Stored entries

# # # # #

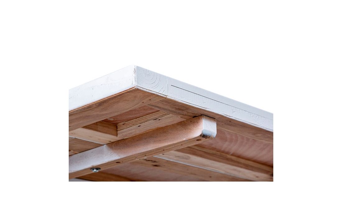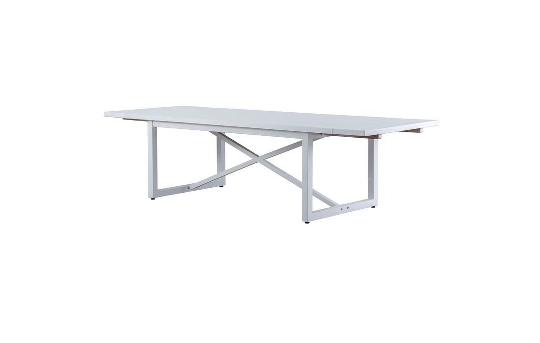 Mesa de jantar extensível em madeira de olmo reciclada com pés em metal branco
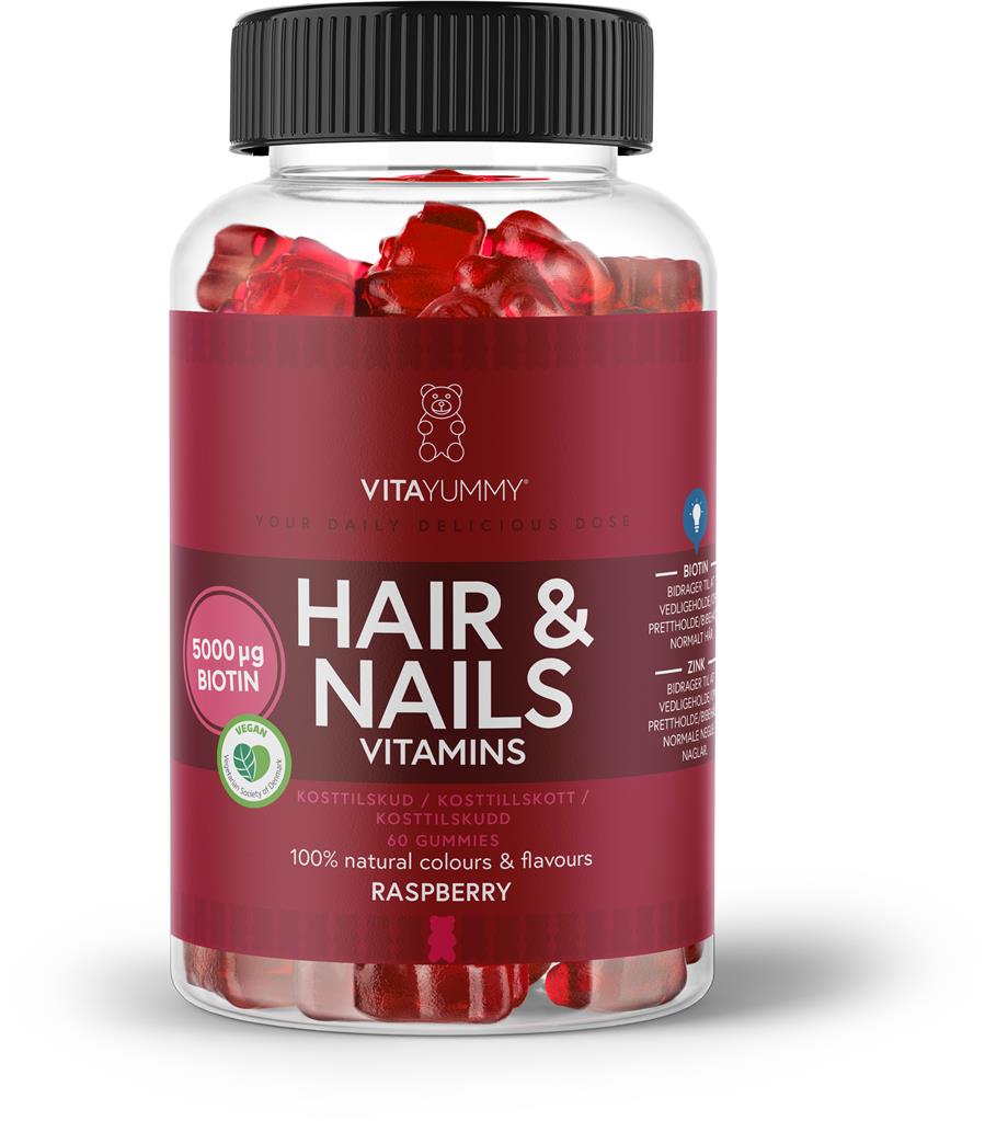 VitaYummy Hair & Nails är ett vegansk kosttillskott som innehåller flera vitaminer. Kosttillskottet är välsmakande vingummi för vuxna och innehåller bland annat biotin som bidrar till att bibehålla normalt hår, naglar samt bidrar till normal energiomsättning. Vingummi i form av björnar innehåller även vitamin A som bidrar till att bibehålla normal syn, hud och slemhinnor, och D vitamin som bidrar till att bibehålla normal benstomme, tänder och muskelfunktion. Produkten innehåller även vitamin B6 och B12 som bidrar till att minska trötthet och utmattning. Med god smak av hallon och fri från konstgjorda färger.
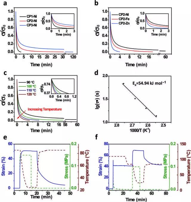 (b) 金屬離子的梯度分布和其在100℃下的應力松弛行為;
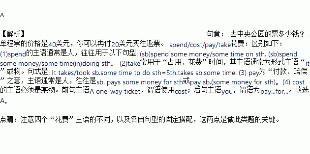 A ¡¾½âÎö¡¿¾äÒ⣺-È¥ÖÐÑ빫԰µÄƱ¶àÉÙÇ®£¿-µ¥³ÌƱµÄ¼Û¸ñÊÇ40ÃÀÔª£¬Äã¿ÉÒÔÔÙ¸¶20ÃÀÔªÂòÍù·µÆ±¡£ spend/cost/pay/take»¨·Ñ£ºÇø±ðÈçÏ£º(1)spendµÄÖ÷Óïͨ³£ÊÇÈË£¬ÍùÍùÓÃÓÚÒÔϾäÐÍ: (sb)spend some money/some time on sth. (sb)spend some money/some time(in)doing sth¡£ (2)take³£ÓÃÓÚ¡°...---The house is too old and dangerous. ----Yes. We should ________soon.
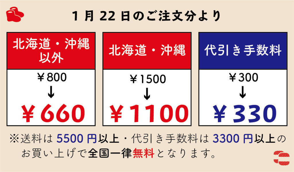 配送方法の追加、及び送料・代引手数料改定のお知らせ
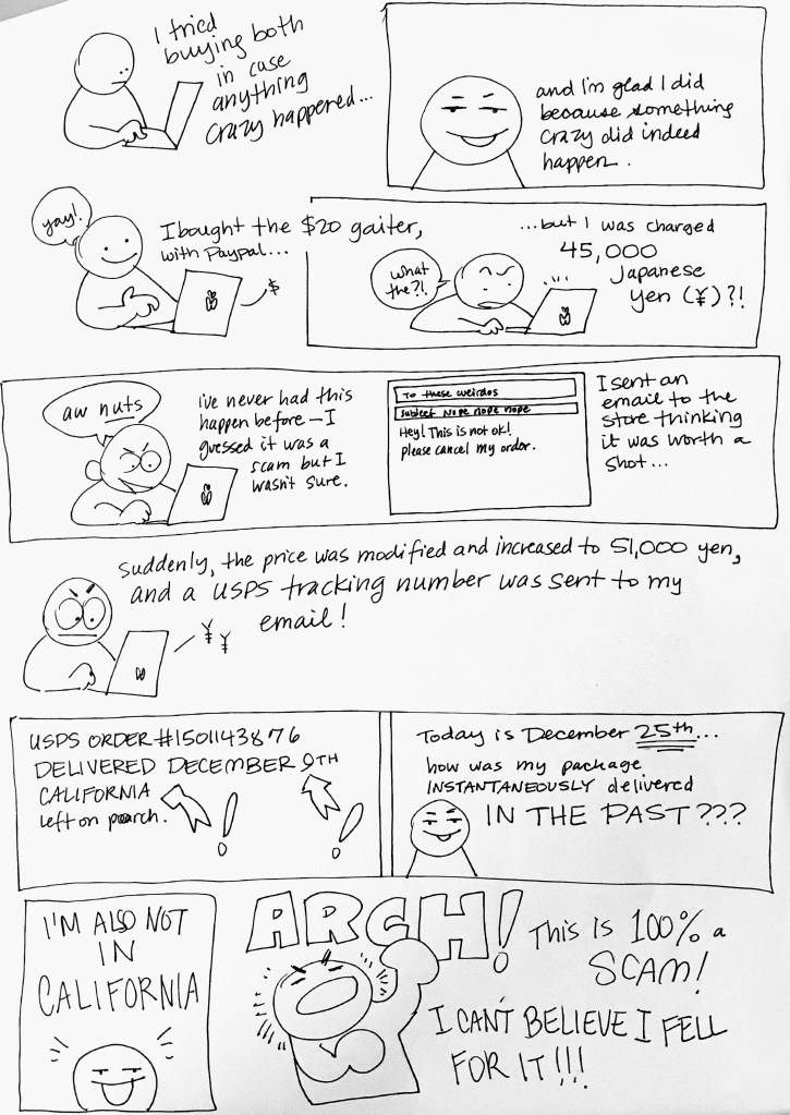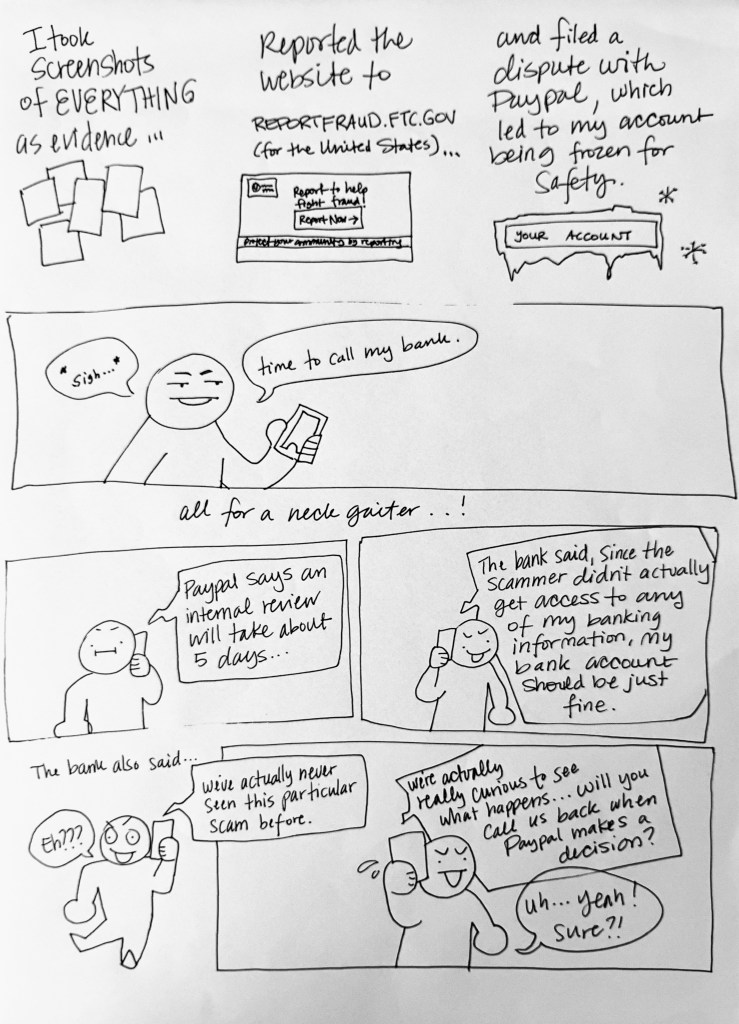 I immediately reported the seller and started a claim through PayPal, and once the holidays were over I called my bank for advice. The seller didn’t get access to my banking information because I didn’t put in my card/bank info when making the purchase– I used PayPal as a proxy– and I think that saved me a LOT of trouble.
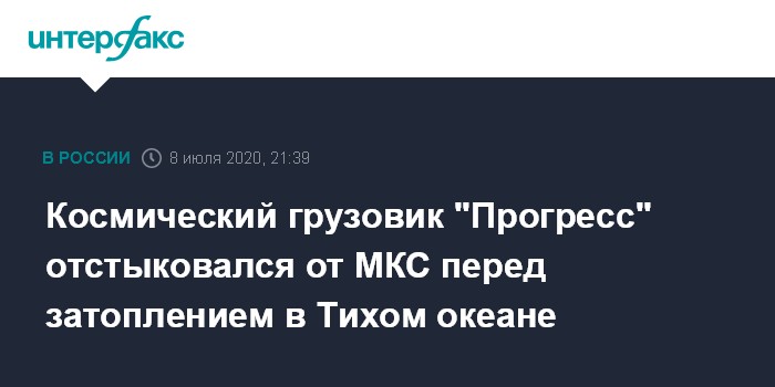 Москва. 8 июля. INTERFAX.RU - Транспортный грузовой корабль "Прогресс МС-13" расстыковался с Международной космической станцией (МКС) для последующего затопления в Тихом океане.
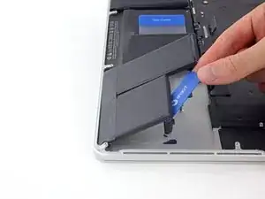 Удалите первую пластиковую карту, которую вы вставили под право-центральную ячейку аккумулятора.
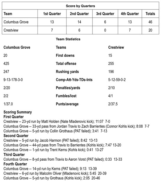 CONVOY – It wasn’t a great homecoming celebration for the Crestview Knights, who lost 46-20 to perennial grid power Columbus Grove in a Northwest Conference contest played Friday at Crestview.
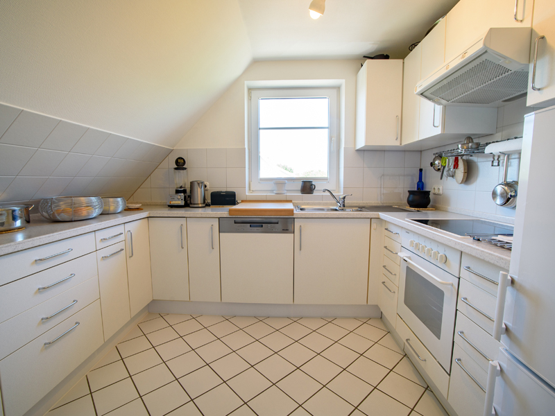 - Einbauküche inkl. Kühlschrank, Geschirrspüler und Backofen und Cerankochfeld sowie Obere- und Unterschränke
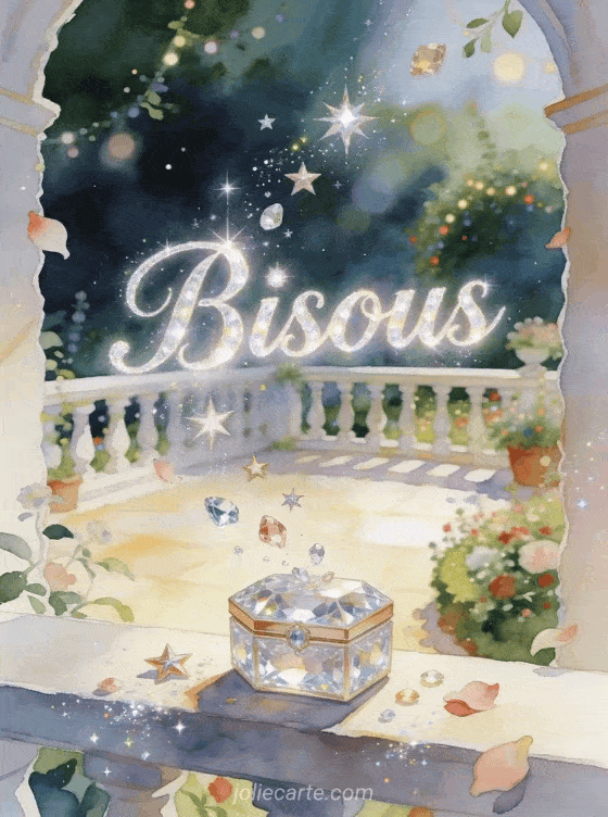Ce bisous gif scintillant anime convient quand tu veux envoyer une attention vive et brillante, tout en pouvant le rapprocher de un gif bisous mariage, des bisous autour d'un the ou des bisous fraternels pour ajuster le style de ton message.
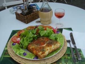 13時にニースに戻り、シャガール美術館へ。 お腹がすいたので、美術館入り口のカフェでランチ! クロックドムッシュとロゼワイン♪冷えたロゼが美味しい。 |
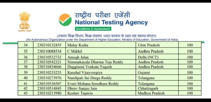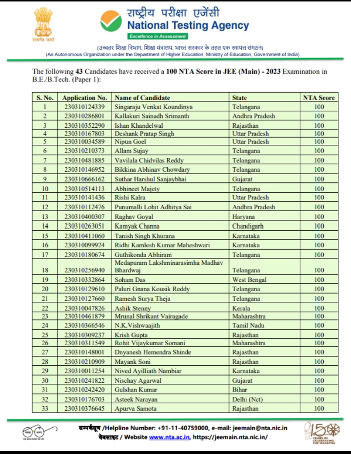 Share thisFacebookXEmailLinkedInWhatsApp दिल्ली:- नेशनल टेस्टिंग एजेंसी (एनटीए) ने JEE (Main) 2023 के लिए अंतिम एनटीए स्कोर घोषित किया। JEE (MAIN) 2023 परीक्षा में 43 उम्मीदवारों ने परफेक्ट 100 एनटीए स्कोर प्राप्त किया है।
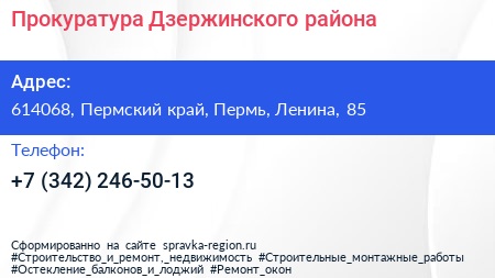 Прокуратура Дзержинского района по адресу 614068, Пермский край, Пермь, Ленина, 85 в дальнейшем Организация, размещена в следующих категориях:
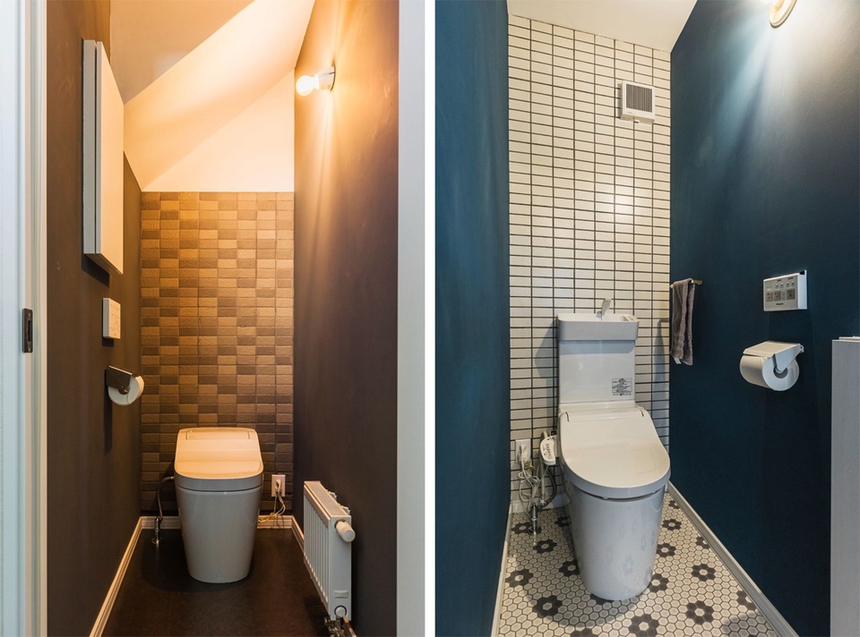 トイレではタイル貼りにも挑戦。youtubeの動画を参考にして貼ったという壁は素人とは思えない仕上がりです。
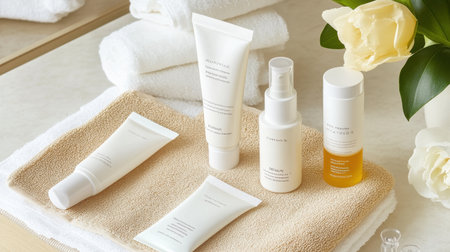 A serene and elegant display of skincare products arranged on a soft towel with fresh roses, perfectly capturing a calming beauty routine and self-care experience.
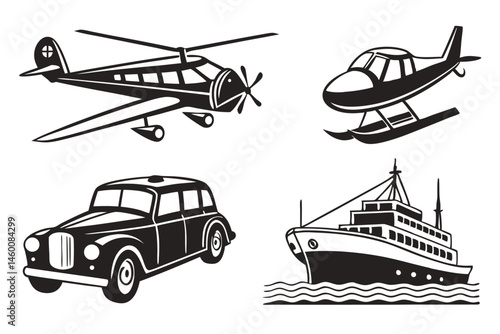 76 Silhouettes of various transportation modes, black and white icons, diverse vehicles, air land and sea transport, simplified shapes, flat design, travel and transportation themed, vector style illu

# # # # #

• Problem: Images stay out, but the rest of the data above must be repeated exactly.

• Solution for this task:
 Mesa de jantar extensível em madeira de olmo reciclada com pés em metal branco
 VitaYummy Hair & Nails är ett vegansk kosttillskott som innehåller flera vitaminer. Kosttillskottet är välsmakande vingummi för vuxna och innehåller bland annat biotin som bidrar till att bibehålla normalt hår, naglar samt bidrar till normal energiomsättning. Vingummi i form av björnar innehåller även vitamin A som bidrar till att bibehålla normal syn, hud och slemhinnor, och D vitamin som bidrar till att bibehålla normal benstomme, tänder och muskelfunktion. Produkten innehåller även vitamin B6 och B12 som bidrar till att minska trötthet och utmattning. Med god smak av hallon och fri från konstgjorda färger.
 (b) 金屬離子的梯度分布和其在100℃下的應力松弛行為;
 A ¡¾½âÎö¡¿¾äÒ⣺-È¥ÖÐÑ빫԰µÄƱ¶àÉÙÇ®£¿-µ¥³ÌƱµÄ¼Û¸ñÊÇ40ÃÀÔª£¬Äã¿ÉÒÔÔÙ¸¶20ÃÀÔªÂòÍù·µÆ±¡£ spend/cost/pay/take»¨·Ñ£ºÇø±ðÈçÏ£º(1)spendµÄÖ÷Óïͨ³£ÊÇÈË£¬ÍùÍùÓÃÓÚÒÔϾäÐÍ: (sb)spend some money/some time on sth. (sb)spend some money/some time(in)doing sth¡£ (2)take³£ÓÃÓÚ¡°...---The house is too old and dangerous. ----Yes. We should ________soon.
 配送方法の追加、及び送料・代引手数料改定のお知らせ
 I immediately reported the seller and started a claim through PayPal, and once the holidays were over I called my bank for advice. The seller didn’t get access to my banking information because I didn’t put in my card/bank info when making the purchase– I used PayPal as a proxy– and I think that saved me a LOT of trouble.
 Москва. 8 июля. INTERFAX.RU - Транспортный грузовой корабль "Прогресс МС-13" расстыковался с Международной космической станцией (МКС) для последующего затопления в Тихом океане.
 Удалите первую пластиковую карту, которую вы вставили под право-центральную ячейку аккумулятора.
 CONVOY – It wasn’t a great homecoming celebration for the Crestview Knights, who lost 46-20 to perennial grid power Columbus Grove in a Northwest Conference contest played Friday at Crestview.
 - Einbauküche inkl. Kühlschrank, Geschirrspüler und Backofen und Cerankochfeld sowie Obere- und Unterschränke
Ce bisous gif scintillant anime convient quand tu veux envoyer une attention vive et brillante, tout en pouvant le rapprocher de un gif bisous mariage, des bisous autour d'un the ou des bisous fraternels pour ajuster le style de ton message.
 13時にニースに戻り、シャガール美術館へ。 お腹がすいたので、美術館入り口のカフェでランチ! クロックドムッシュとロゼワイン♪冷えたロゼが美味しい。 |
 Share thisFacebookXEmailLinkedInWhatsApp दिल्ली:- नेशनल टेस्टिंग एजेंसी (एनटीए) ने JEE (Main) 2023 के लिए अंतिम एनटीए स्कोर घोषित किया। JEE (MAIN) 2023 परीक्षा में 43 उम्मीदवारों ने परफेक्ट 100 एनटीए स्कोर प्राप्त किया है।
 Прокуратура Дзержинского района по адресу 614068, Пермский край, Пермь, Ленина, 85 в дальнейшем Организация, размещена в следующих категориях:
 トイレではタイル貼りにも挑戦。youtubeの動画を参考にして貼ったという壁は素人とは思えない仕上がりです。
 A serene and elegant display of skincare products arranged on a soft towel with fresh roses, perfectly capturing a calming beauty routine and self-care experience.
 76 Silhouettes of various transportation modes, black and white icons, diverse vehicles, air land and sea transport, simplified shapes, flat design, travel and transportation themed, vector style illu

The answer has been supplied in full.